Wednesday, January 21, 2009

How to memorize scripts Pt 1

Announcing a new feature! Based on a reader’s question I surveyed a number of very successful actors and actresses to learn how they memorize scripts. Their answers were all fascinating and wildly different. There were too many to squeeze into one post so over the next few weeks I’ll be sharing the rest. I’m sure a few of you have methods of your own. My thanks to these actors for their generous participation. Memorization is just one of the many skills I don't have to be an actor.

Actor 1

Read the scene a few times. Try not to read it out loud a lot. Then get a pad and scribble your dialogue as quickly as possible without worrying about being able to read it back later...no punctuation.
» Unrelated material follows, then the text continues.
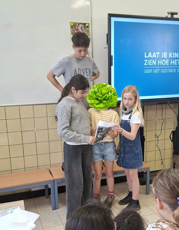 De leerlingen werkten in kleine groepjes en bedachten samen een liedje over gezonde voeding. Nadien brachten ze hun creaties voor elkaar en genoten ze van elkaars optredens.

Write as fast as your brain goes. Keep doing that until the lines come fast.

Then have someone read the scene with you a few times, or do it yourself covering the dialogue with something until you get to it.
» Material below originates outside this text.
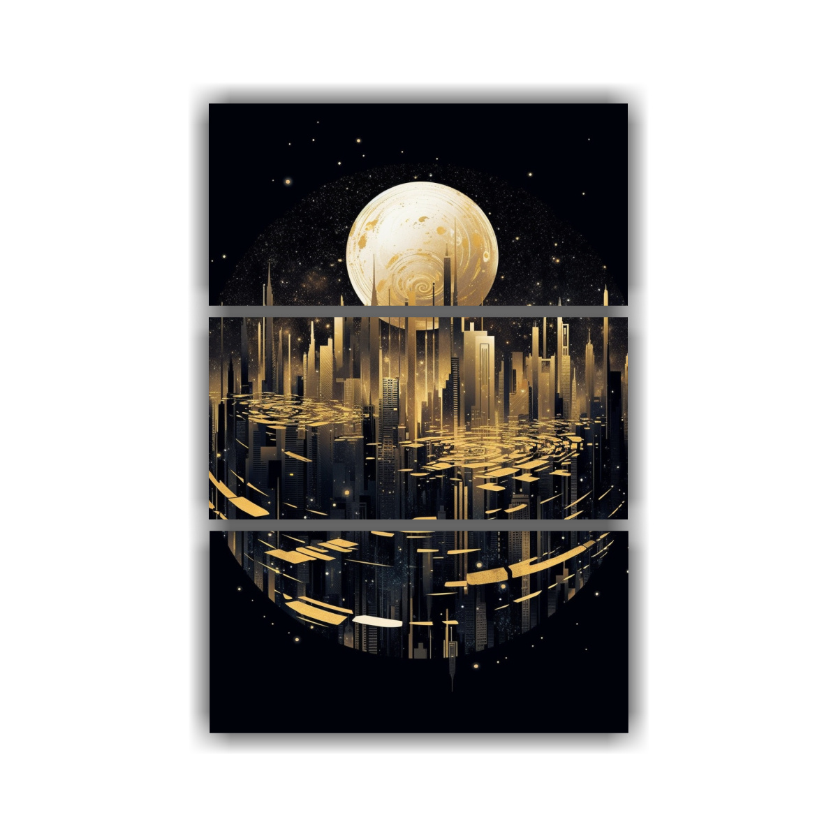 Decora tu hogar con el cuadro La Luna y una Ciudad con Cielo Oscuro de DecoCuadros Impreso en tela de alta calidad con bastidores de madera Diseño exclusivo y precios económicos Compra ahora y disfruta de la mejor calidad del mercado

If they're good lines it'll go quickly. If they're crap lines, do the same thing but curse a lot while you're doing it.

******

Actor 2

I have a lousy memory. And it isn't - for me at least, though I expect this may be generally true - something that gets easier with time, since, with time, one's memory declines.

I HATE memorizing.

Then, there are 2 categories of memorizing: 1) Theater - must be word perfect. Them's the rules, since the script is "rented" from the owner, not purchased. 2) tv/film: depending on who the producers are, who the director is, how much clout the writer has (lots if he's a producer - as you know), one may be able to get away with a bit of paraphrasing...or "improving". More in drama than comedy, I think.

Here's how I memorize, and it's totally obsessive/compulsive.
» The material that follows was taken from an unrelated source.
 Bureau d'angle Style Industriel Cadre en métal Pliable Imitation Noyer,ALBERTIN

I number all my lines. If there is more than one scene, and the scenes do not immediately follow each other, than I treat each scene separately. After numbering, I go through the scene, making sure I can do each line by memory. Then I make sure I can do each pair of lines by memory. 1&2. 3&4. 5&6, etc. Then I do 2&3, 4&5, 6&7, through to the end. Then by 3's. 1-3, 4-6, 7-9, etc. Then 2-4, 5-7, 8-10, etc. Then 3-5.... Then by 4's, 5's, 6's, until I'm doing the entire scene's lines from memory. If there are lengthy speeches, I also treat them as separate entities with this method. This is a method of my own devising, and probably a rotten way to go about it. Some people simply look at dialogue and remember it. Some people should not ever step in front of my car.

And that's how I do it. If working creatively is heaven, then my process is hell.

Oh, and one also has to memorize cues...or just wait until there's a lengthy silence and then begin speaking. Cues, sometimes, are actually more difficult, unless they actually "cue" the next speech.

Friendly cue: What time is it?
Unfriendly cue: I'm feeling kind of...mushy.

******

Actor 3

Hmmmm.... Good question. It just comes from a combo of looking it over and the repetition of saying the lines. I think I'm a visual learner because if I can visualize the type and where it was on the page, the words come. It's probably second nature at this point. It's also really great for me to have at least one night of looking at it just before bed. Then, somehow, the next day ...as if by magic....it's there. ( I go into a terrible panic when handed pages on the set!)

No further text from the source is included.